Using De Moivre's Theorem to prove $\cos(3\theta) = 4\cos^3(\theta) - 3\cos(\theta)$ trig identity

Question

I am stuck on trying to prove a trig identity using De Moivre's theorem.

I have to prove, $$\cos(3\theta) = 4\cos^3(\theta) - 3\cos(\theta)$$

I am not sure where to even start, I broke the LHS down to $$\cos(3\theta) + i\sin(3\theta)$$

but I have no idea where to go from here, or if this is fully correct.

If I could get some pointers or a simple worked example that I could follow it would be great.

Thanks

Answer 1

De Moivre's formula reads $$(\cos\theta+i\sin\theta)^n=\cos(n\theta)+i\sin(n\theta)$$ Of course this identity implies the real part should be also equality. That is $$\cos(n\theta)=\Re\{(\cos\theta+i\sin\theta)^n\}$$ Hence we have $$\cos(3\theta)=\Re\{\cos^3\theta+3i\cos^2\theta\sin\theta-3\cos\theta\sin^2\theta-i\sin^3\theta\}=\cos^3\theta-3\cos\theta\sin^2\theta$$

Answer 2

Hint: $$\cos(n \phi) = \Re((\cos(\phi) + i\sin (\phi))^n)$$ Then use the Binomial Theorem to expand the expression.

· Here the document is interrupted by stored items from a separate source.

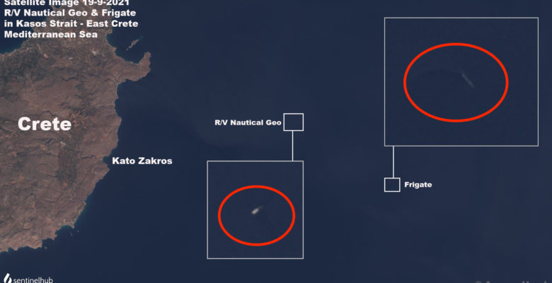 Την στιγμή της δορυφορικής εικόνας το Γαλλικό ερευνητικό Nautical Geo βρίσκεται στα ~8.5 ν.μ από την κοντινότερη Κρητική ακτή και η Τούρκικη φρεγάτα σε απόσταση αναπνοής
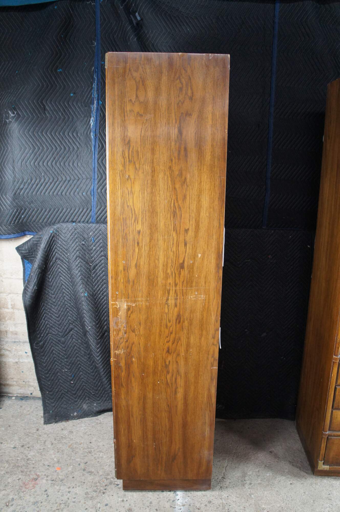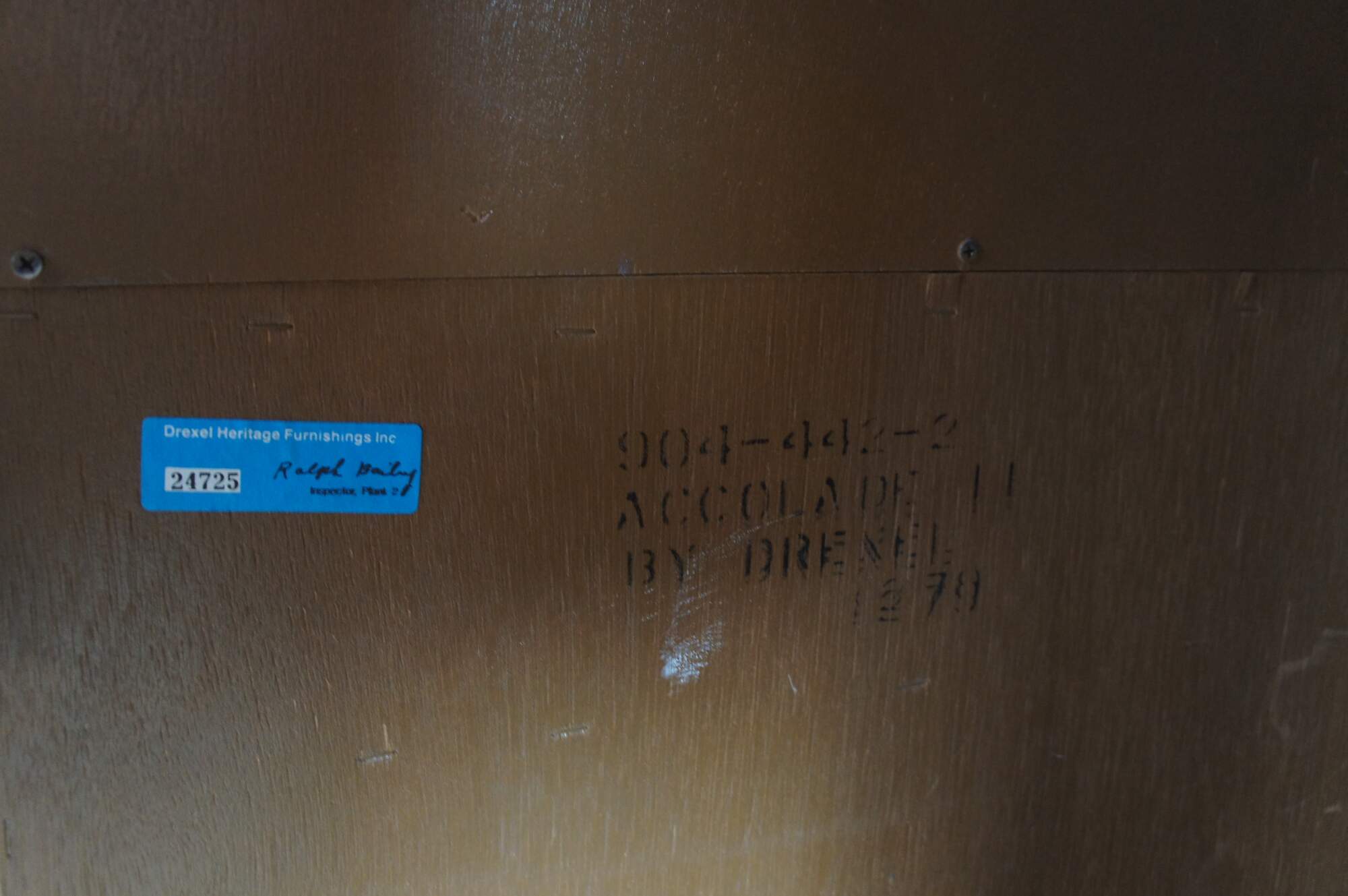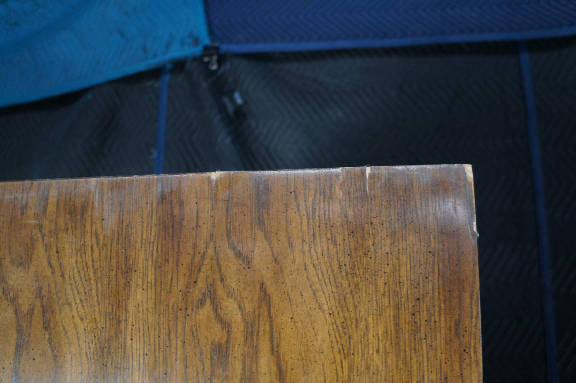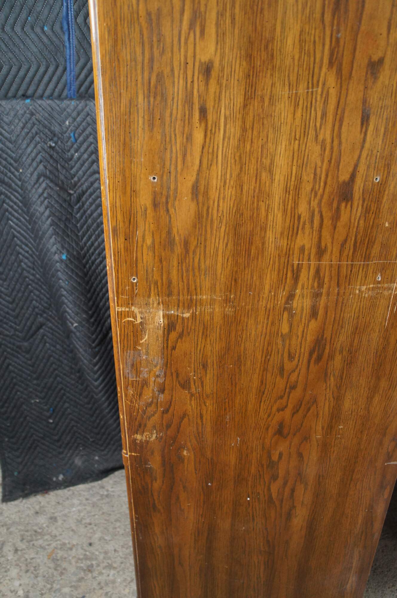 Structurally solid, distressing from use, scuffing, marking, fading, holes, veneer loss, corner / edge wear, oxidation to hardware.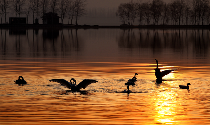 每年的10月下旬,經(jīng)過(guò)長(zhǎng)途遷飛的天鵝成群結(jié)隊(duì)來(lái)到圣天湖越冬,數(shù)量最多時(shí)達(dá)2萬(wàn)只。資料圖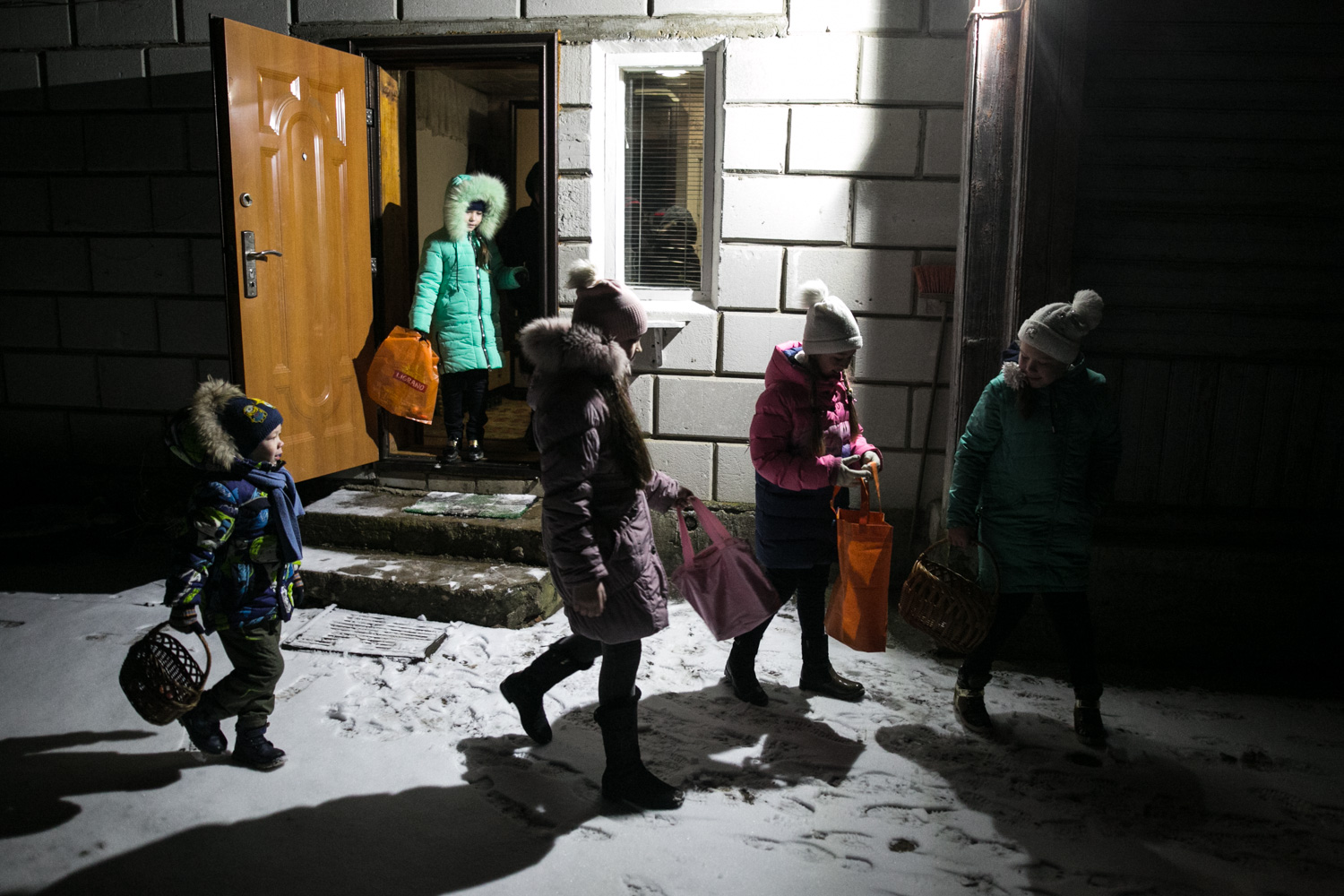 Пятніца, 30 сакавіка, 5-я гадзіна раніцы. У хатах на вуліцы Савецкай у Іўі праз адну гарыць сьвятло. Уначы выпаў сьнег і на дарозе відаць сьвежыя сьляды. Гэта першыя дзеці ўжо выйшлі зьбіраць пачастункі.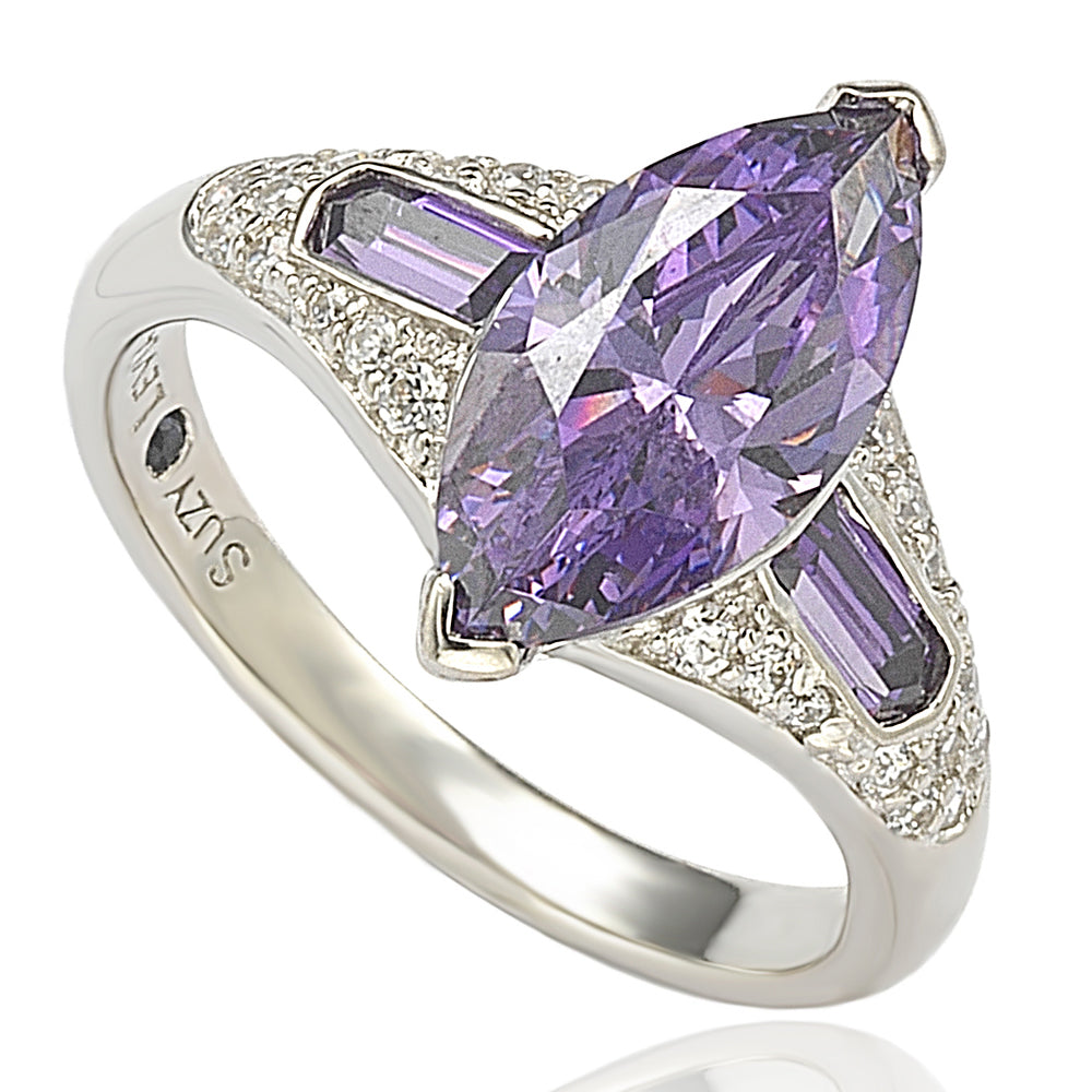 Suzy Levian Sterling Silver Purple Marquise Cubic Zirconia Ring

(Where $\Re$ is the real part of the expression.)

Answer 3

Hint: Using de Moivre's identity: $$ \cos 3\theta = \mathrm{Re}\left(e^{i3\theta}\right) $$ Now, $e^{i3\theta} = \left(e^{i\theta}\right)^3$ and (by definition of $e^{i\theta}$) $$\left(e^{i\theta}\right)^3 = \left(\cos\theta+i\sin \theta\right)^3 $$ Expand the RHS (it's only a cube, so it's straightforward), and simplify the $i^3$, $i^2$; then take the real part to get $\mathrm{Re}\left(e^{i3\theta}\right)$.